While I do believe that there are things that people can do that cannot be explained by current science, chances are what you saw on TV is not real.  Uri Geller has been making claims that he can bend spoons, see things that are hidden, and other, similar tricks, for years - but everything he does has been duplicated using stage magic tricks.

Is it possible?  Most things are.  Is it likely?  This is less certain to me.  If I were able to do such things, I don't think I would be demonstrating on TV - I have no desire to become a lab rat, a curiosity, a tourist attraction, whatever - although since I can't do them, I can't say with complete certainty what I would do.


----------



## JadecloudAlchemist (Dec 26, 2007)

> Few years ago I saw a program on TV in which a guy broke a glass with only his mind's concentration (or in some cases light up a candle). I am curious are these things true. If yes how I can learn it.


 And on TV I have seen No touch knock-outs they look real to the untrained eye but reality is its not real. Think of what other things may have come into play when this person performs this: a cue for the pyrotechican, a beebee gun to the glass at a certain cue timing? 
I had a friend who was very interest in moving things with his mind:
10 years of his life was waste on him trying to perform such a feat.
In the end he managed 1 thing and that one thing is-nothing.
But that is not to say you can not try 10 years for 3 hrs a day and accomplish it maybe that extra hour a day would make the difference between you and him.'


----------



## Xue Sheng (Dec 26, 2007)

ehsen said:


> Few years ago I saw a program on TV in which a guy broke a glass with only his mind's concentration (or in some cases light up a candle). I am curious are these things true. If yes how I can learn it.


 
Don't believe everything you see on TV or in person for that matter when it comes to this stuff because that majority of it is fake, possibly all of it.



ehsen said:


> Are you kidding (I guess so)?
> 
> Can you give me a link to your website (if you r serious) ...


 
Yes he was kidding and so was I. Or at least I HOPE he was kidding


----------



## MarkBarlow (Dec 26, 2007)

tellner said:


> For a mere $80 a month plus my exclusive DVD series I can teach you to do this. No checks please. Cash in advance in small unmarked bills.



And if you are unable to duplicate my amazing feats, you obviously aren't applying yourself.  I can't help you if you allow doubt to cloud your mind. (otherwise known as the CYA Clause.)


----------



## tellner (Dec 26, 2007)

I was kidding.

"Believe nothing that you hear and only half of what you see."

Maybe there is someone who can do this. But I'd be willing to bet any stakes you want that what you say was stage magic trickery.

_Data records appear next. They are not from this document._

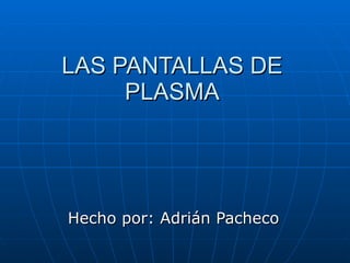 Este documento describe las pantallas de plasma, incluyendo su historia, funcionamiento, consumo energético y ventajas/desventajas frente a las pantallas LCD. Las pantallas de plasma se inventaron en 1964 y funcionan mediante una mezcla de gases que produce plasma y emite luz. Si bien ofrecen una amplia gama de colores, su mayor consumo energético y menor vida útil son desventajas frente a las pantallas LCD.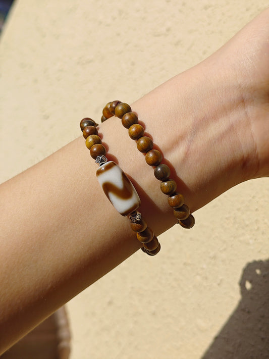 Tiger Tooth Dzi and Green Sandalwood Double Wrap Bracelet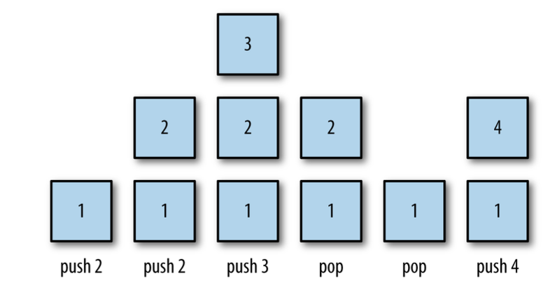 ์คํ ์๋ฃ๊ตฌ์กฐ๋ ๋ง์ฐฌ๊ฐ์ง๋ก LIFO (last-in-first-out), ๋ง์ง๋ง์ ๋ค์ด์จ ์๋ฆฌ๋จผํธ๋ฅผ ๊ฐ์ฅ ๋จผ์ ์ ํ๋ ๊ตฌ์กฐ๋ค.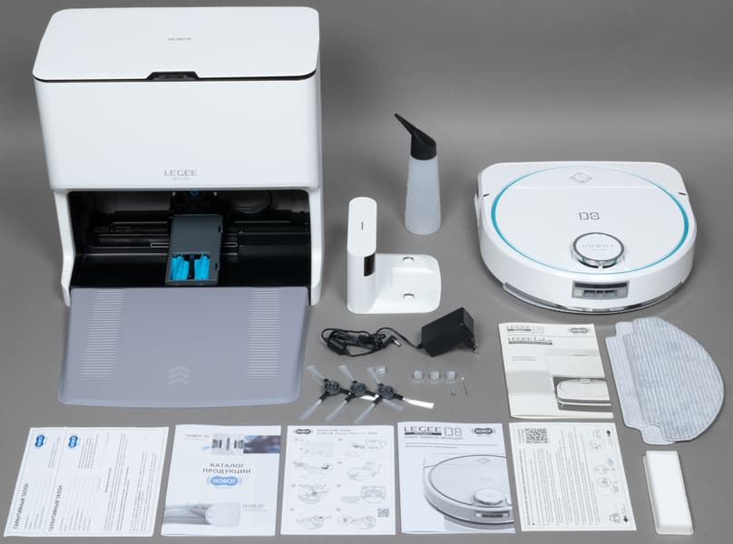 Комплектация у устройства богатая: производитель снабдил пылесос и станцию достаточным количеством расходных материалов — салфеток, фильтров и боковых щеток. О приобретении дополнительных аксессуаров пользователю придется задуматься нескоро.

The fraud who was running the scam could have made several million dollars off of James Randi if he'd been willing to man up and do his stuff under controlled conditions.


----------



## Xue Sheng (Dec 26, 2007)

tellner said:


> I was kidding.


 
What a relief... I was worried there for a minute


----------



## Tames D (Dec 26, 2007)

tellner said:


> For a mere $80 a month plus my exclusive DVD series I can teach you to do this. No checks please. Cash in advance in small unmarked bills.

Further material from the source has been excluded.